(What is required) Every line below is to be copied exactly, with the pictures left out.

(Supplied data)
--- START ---
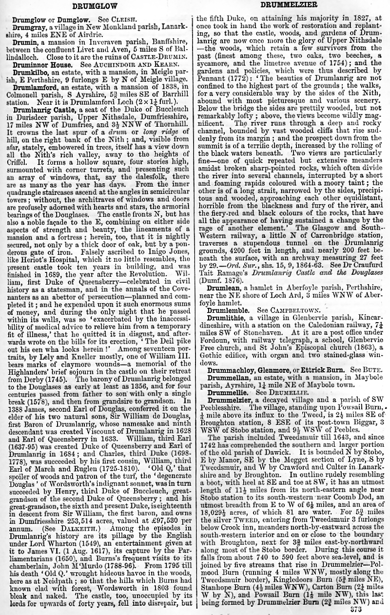 Drumglow, Drumgray, Drumin, Druminnor House, Drumkilbo, Drumlamford, Drumlanrig Castle, Drumlean, Drumlemble, Drumlithie, Drummachloy - Glemore or Ettrick Burn, Drummellan, Drummellie, Drummelzier
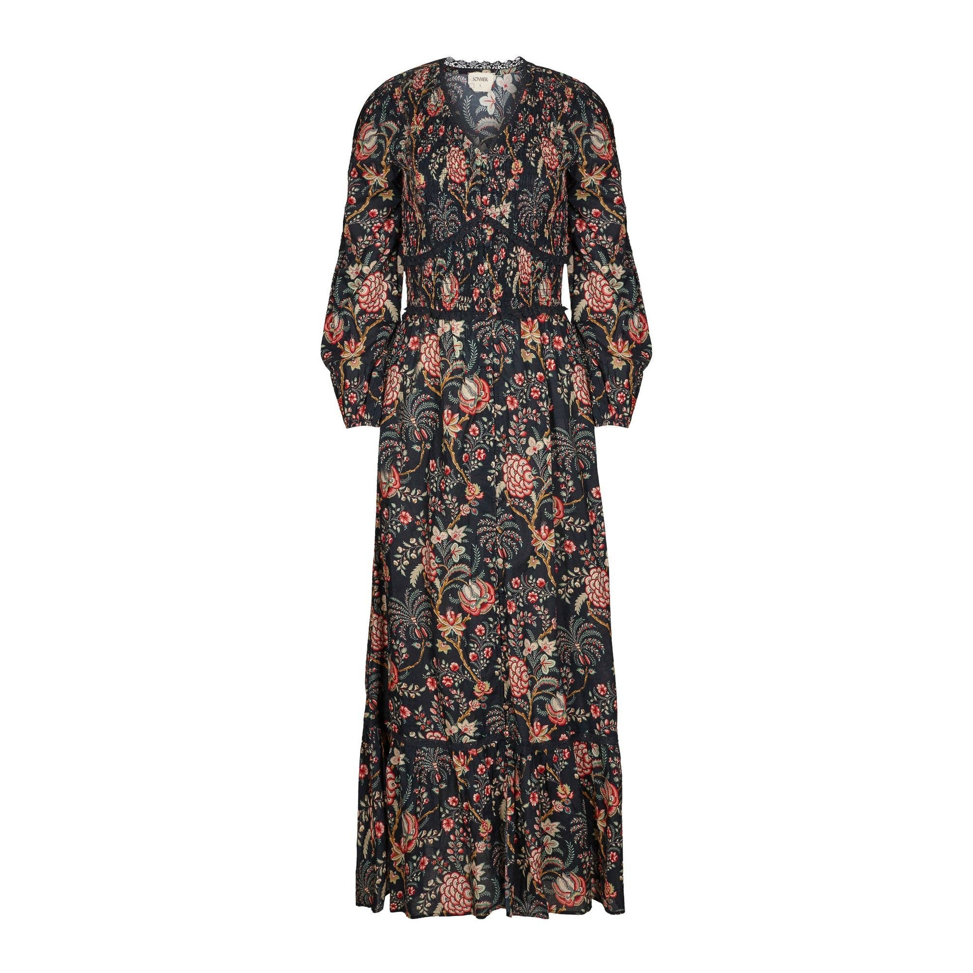 Inspired by vibrant Indian florals, the Valery dress brings effortless charm and breathability to your wardrobe. Crafted from soft organic cotton, this enchanting piece showcases a flattering V-neckline paired with a fitted smocked bodice adorned with delicate crochet trim. The silhouette flows into a voluminous skirt crowned with a playful ruffle hem for that perfect twirl-worthy moment. Every detail whispers femininity while keeping you cool and comfortable. Responsibly made in India with REACH and BSCI certifications. Pure cotton bliss.
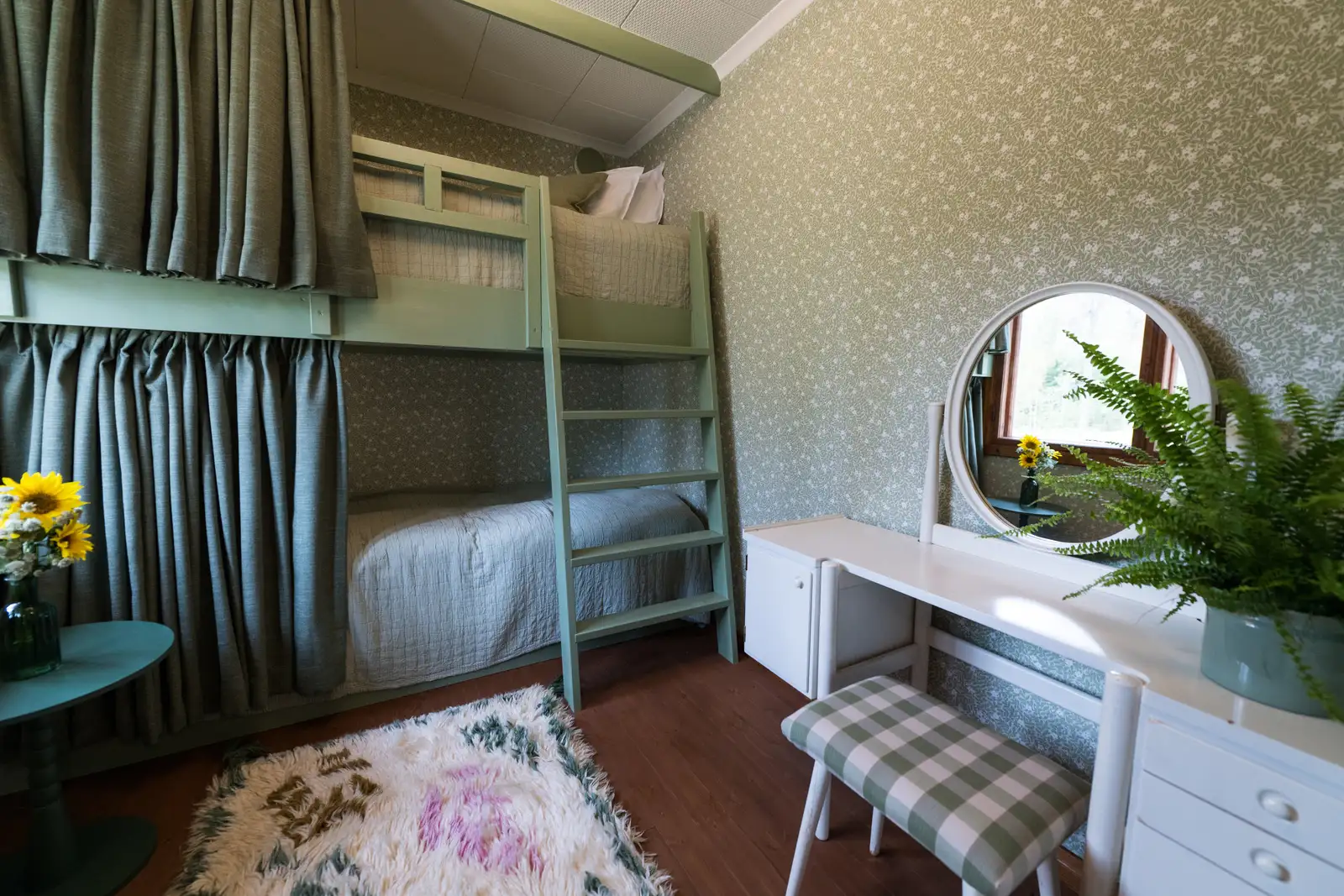 Kerrossänky sopii sekä lapsille että aikuisille. Yksityiskohtana verhot kummassakin sängyssä. Vihreäsävyiset sängyt ja tapetti ovat yhteensopivat. Kuva: MTV3
--- END ---
(Result for this exercise)
 Drumglow, Drumgray, Drumin, Druminnor House, Drumkilbo, Drumlamford, Drumlanrig Castle, Drumlean, Drumlemble, Drumlithie, Drummachloy - Glemore or Ettrick Burn, Drummellan, Drummellie, Drummelzier
 Inspired by vibrant Indian florals, the Valery dress brings effortless charm and breathability to your wardrobe. Crafted from soft organic cotton, this enchanting piece showcases a flattering V-neckline paired with a fitted smocked bodice adorned with delicate crochet trim. The silhouette flows into a voluminous skirt crowned with a playful ruffle hem for that perfect twirl-worthy moment. Every detail whispers femininity while keeping you cool and comfortable. Responsibly made in India with REACH and BSCI certifications. Pure cotton bliss.
 Kerrossänky sopii sekä lapsille että aikuisille. Yksityiskohtana verhot kummassakin sängyssä. Vihreäsävyiset sängyt ja tapetti ovat yhteensopivat. Kuva: MTV3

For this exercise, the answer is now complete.